Disclosed are cable types, including a type THHN cable, the cable types having a reduced surface coefficient of friction, and the method of manufacture thereof, in which the central conductor core and insulating layer are surrounded by a material containing nylon or thermosetting resin. A silicone based pulling lubricant for said cable, or alternatively, erucamide or stearyl erucamide for small cable gauge wire, is incorporated, by alternate methods, with the resin material from which the outer sheath is extruded, and is effective to reduce the required pulling force between the formed cable and a conduit during installation.

Claims

1-19) (canceled)

20) A thermoplastic high heat-resistant nylon-coated (THHN) electrical cable having a reduced installation pulling force through a building passageway defined by a PVC conduit setup sized to accomodate the THHN electrical cable and having at least two 90 bends within the PVC conduit setup, the THHN electrical cable comprising: at least one conductor capable of carrying an electrical current through the THHN electrical cable, wherein the conductor is formed at least in part from a metal; and, a sheath for protecting the conductor, wherein the sheath comprises: an insulating layer surrounding the conductor and providing electrical insulation to the conductor, wherein the insulating layer is formed at least in part from extruded polyvinyl chloride (PVC); and an outer layer surrounding, contacting, and forming a coating for the insulating layer, wherein the outer layer comprises a solidified extrusion of a material mixture, the material mixture comprising: a nylon material; and a pulling lubricant mixed within at least a portion of the nylon material, wherein at least a portion of the pulling lubricant is present at an exterior surface of the sheath to reduce the amount of force required to pull the cable through the building passageway; and wherein the outer layer is both resistant to heat, moisture, oil, and gasoline and provides the THHN electrical cable with the physical characteristic of requiring at least about 30% less force to pull the electrical cable through the building passageway compared to an amount of force required to pull a non-lubricated THHN electrical cable having an extruded sheath without the pulling lubricant mixed therein through the building passageway.

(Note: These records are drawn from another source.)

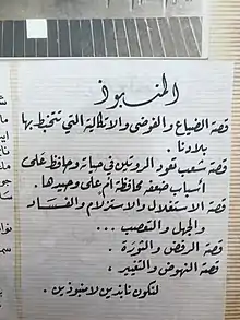 Said Mahmoud Takieddine (Arabic: سعيد محمود تقي الدين; 15 May 1904 – 10 February 1960) was a Lebanese playwright, author, journalist, activist, and businessman. His plays were known to portray various political, social, and philosophical themes.[1] He was the president of the alumni association at the American University of Beirut (AUB).[2] He was also the dean of information and foreign affairs in the Syrian Social Nationalist Party (SSNP) for a short period.
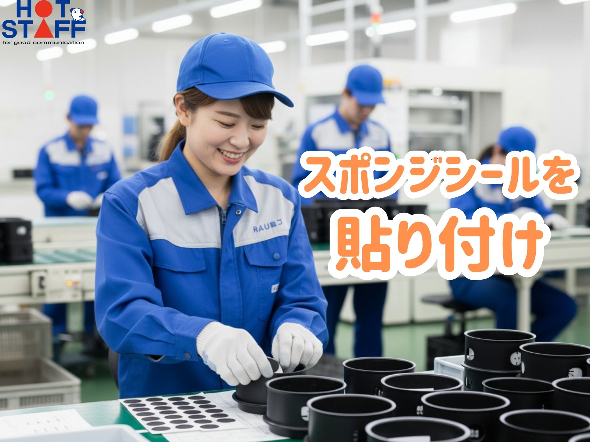 ★重量物なし!軽作業★土日休み・作業服支給/かるいドリンクホルダーにスポンジシールをペタッ!
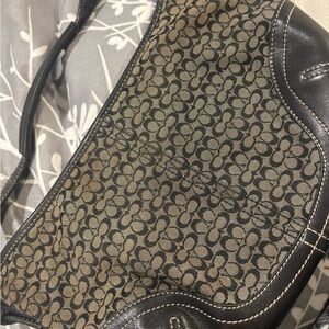 Stylish Coach shoulder bag with iconic pattern. Features tan and black design. Perfect for everyday use.
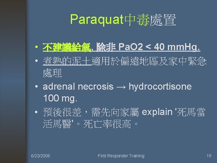 Paraquat中毒處置 • 洗胃,每 2~ 4 hr, 給一次 charcoal 50 gm. • Fuller's earth. 60 gm/BT • Bentonite 14 gm/2 pk. • Mg citrate. 250 m. L • N/S 250 ml + Lasix 20 mg q 4 h. • D-propranolol 競爭細胞膜 receptor. • hemoperfusion 2 times/day 每次 8 hr. 6/22/2006 First Responder Training 18

21) The thermoplastic high heat-resistant nylon-coated (THHN) electrical cable of claim 20, wherein the pulling lubricant comprises a silicone oil.

22) The thermoplastic high heat-resistant nylon-coated (THHN) electrical cable of claim 20, wherein the pulling lubricant comprises a high molecular weight silicone based pulling lubricant.

23) The thermoplastic high heat-resistant nylon-coated (THHN) electrical cable of claim 20, wherein the pulling lubricant comprises a low molecular weight silicone based pulling lubricant.

24) The thermoplastic high heat-resistant nylon-coated (THHN) electrical cable of claim 20, wherein the pulling lubricant comprises erucamide.

25) The thermoplastic high heat-resistant nylon-coated (THHN) electrical cable of claim 20, wherein the at least one conductor comprises a plurality of grouped conductors.

26) The thermoplastic high heat-resistant nylon-coated (THHN) electrical cable of claim 20, wherein the at least one conductor is a large gauge conductor.

27) The thermoplastic high heat-resistant nylon-coated (THHN) electrical cable of claim 26, wherein the at least one conductor comprises an AWG 4/0 conductor.

28) The thermoplastic high heat-resistant nylon-coated (THHN) electrical cable of claim 20, wherein the sheath is formed with geometrical characteristics that are not altered relative to the geometrical characteristics of the extruded sheath of the non-lubricated THHN cable.

29) The thermoplastic high heat-resistant nylon-coated (THHN) electrical cable of claim 28, wherein the sheath has a round profile.

30) The thermoplastic high heat-resistant nylon-coated (THHN) electrical cable of claim 20, wherein the THHN electrical cable is rated for use in dry locations at temperatures not to exceed 90 C.

31) The thermoplastic high heat-resistant nylon-coated (THHN) electrical cable of claim 20, wherein the THHN electrical cable is rated to carry current at voltages not to exceed 600 Volts.

32) A thermoplastic high heat-resistant nylon-coated (THHN) electrical cable having a reduced installation pulling force through a building passageway defined by a PVC conduit setup sized to accomodate the THHN electrical cable and having at least two 90 bends within the PVC conduit setup, the THHN electrical cable comprising: at least one conductor capable of carrying an electrical current through the THHN electrical cable, wherein the conductor is formed at least in part from a metal; and, a sheath for protecting the conductor, wherein the sheath comprises: an insulating layer surrounding the conductor and providing electrical insulation to the conductor, wherein the insulating layer is formed at least in part from extruded polyvinyl chloride (PVC); and an outer layer surrounding, contacting, and forming a coating for the insulating layer, wherein the outer layer comprises a solidified extrusion of a material mixture, the material mixture comprising: a nylon material; and a pulling lubricant mixed within at least a portion of the nylon material, wherein at least a portion of the pulling lubricant is present at an exterior surface of the sheath to reduce the amount of force required to pull the cable through the building passageway; and wherein the outer layer is both resistant to heat, moisture, oil, and gasoline and provides the THHN electrical cable with the physical characteristic of requiring at least about 50% less force to pull the electrical cable through the building passageway compared to an amount of force required to pull a non-lubricated THHN electrical cable having an extruded sheath without the pulling lubricant mixed therein through the building passageway.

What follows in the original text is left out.